> [Description of the task]
Pictures are to be dropped, and only the lines from the one containing "快乐颐亮相《新民晚报》:应急服务中心实时保障居家安全" through the end of the data below are to be reproduced as written.

> [Excerpted data]
§ §

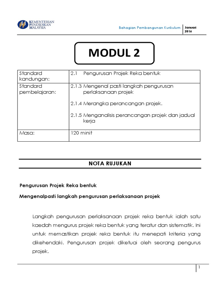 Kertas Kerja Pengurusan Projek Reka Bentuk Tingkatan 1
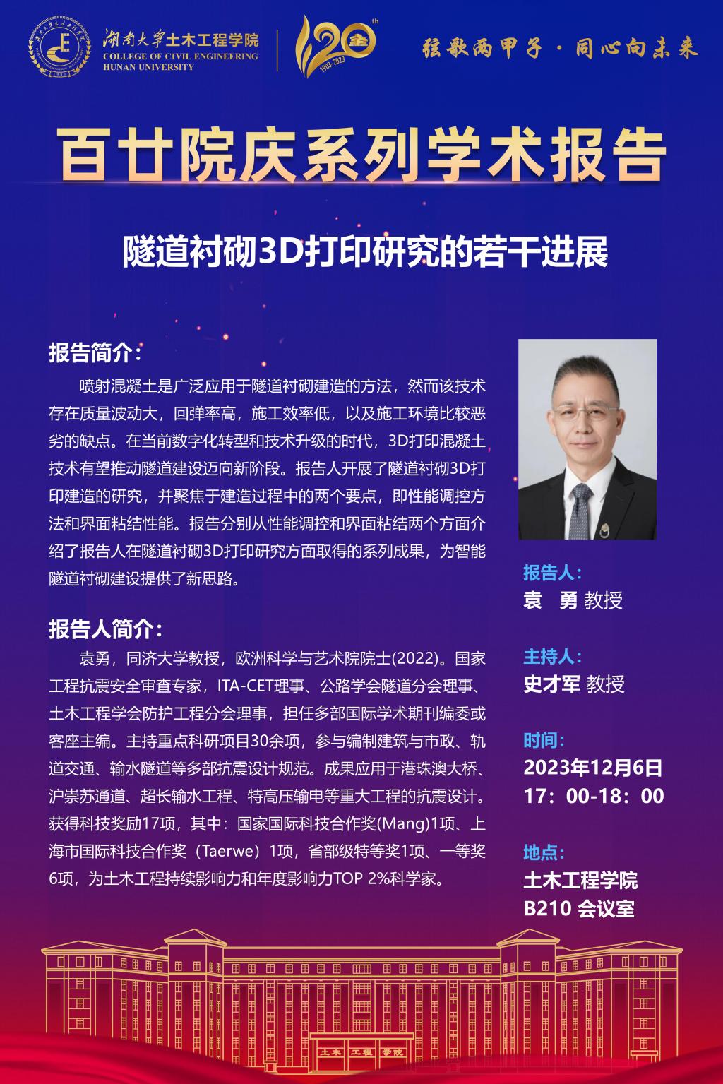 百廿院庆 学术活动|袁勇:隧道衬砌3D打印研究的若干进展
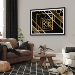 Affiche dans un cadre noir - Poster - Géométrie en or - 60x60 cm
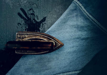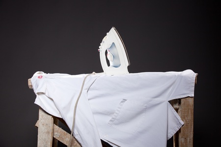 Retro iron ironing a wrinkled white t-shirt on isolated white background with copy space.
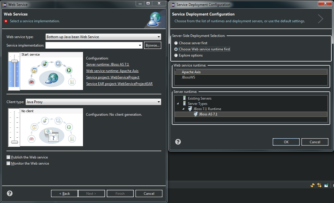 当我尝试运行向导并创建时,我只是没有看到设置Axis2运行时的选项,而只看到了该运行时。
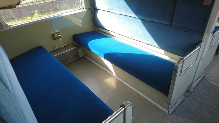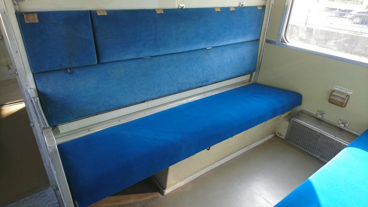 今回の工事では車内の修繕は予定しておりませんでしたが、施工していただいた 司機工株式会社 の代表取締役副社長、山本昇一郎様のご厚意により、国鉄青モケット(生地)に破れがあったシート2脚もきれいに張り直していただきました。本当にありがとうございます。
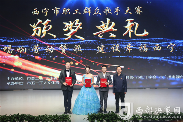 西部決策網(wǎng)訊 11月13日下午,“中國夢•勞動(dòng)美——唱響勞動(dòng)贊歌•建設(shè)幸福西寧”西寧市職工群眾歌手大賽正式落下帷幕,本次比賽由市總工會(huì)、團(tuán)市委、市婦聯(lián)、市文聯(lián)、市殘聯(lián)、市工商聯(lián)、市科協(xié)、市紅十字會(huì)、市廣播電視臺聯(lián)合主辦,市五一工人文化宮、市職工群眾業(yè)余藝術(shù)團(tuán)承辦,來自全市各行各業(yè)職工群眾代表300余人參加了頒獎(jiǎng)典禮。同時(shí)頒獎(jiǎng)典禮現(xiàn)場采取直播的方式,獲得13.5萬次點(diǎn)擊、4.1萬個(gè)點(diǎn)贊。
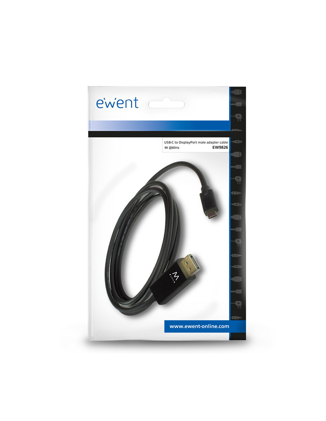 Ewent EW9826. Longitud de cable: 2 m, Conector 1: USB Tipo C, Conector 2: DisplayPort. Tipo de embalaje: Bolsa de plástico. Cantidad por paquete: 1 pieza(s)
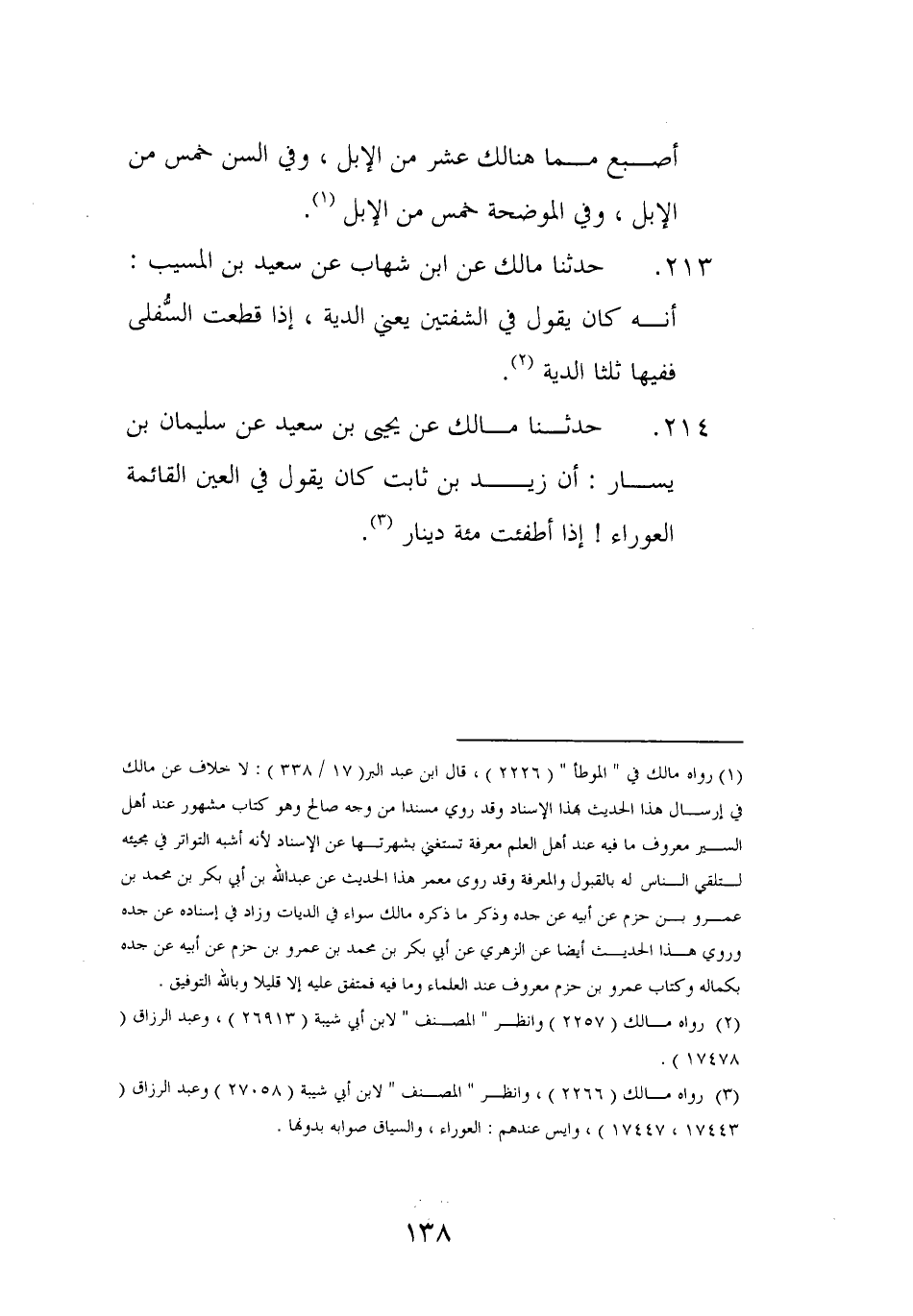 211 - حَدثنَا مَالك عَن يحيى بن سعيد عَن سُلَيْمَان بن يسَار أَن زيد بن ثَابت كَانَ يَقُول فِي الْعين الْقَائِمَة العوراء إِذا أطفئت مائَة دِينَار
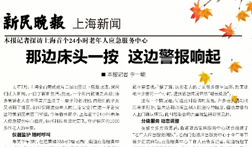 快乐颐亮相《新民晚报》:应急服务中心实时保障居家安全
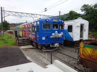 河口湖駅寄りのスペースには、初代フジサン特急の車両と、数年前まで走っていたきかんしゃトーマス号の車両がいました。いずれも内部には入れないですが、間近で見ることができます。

§ §

> [Answer box]
 快乐颐亮相《新民晚报》:应急服务中心实时保障居家安全
 河口湖駅寄りのスペースには、初代フジサン特急の車両と、数年前まで走っていたきかんしゃトーマス号の車両がいました。いずれも内部には入れないですが、間近で見ることができます。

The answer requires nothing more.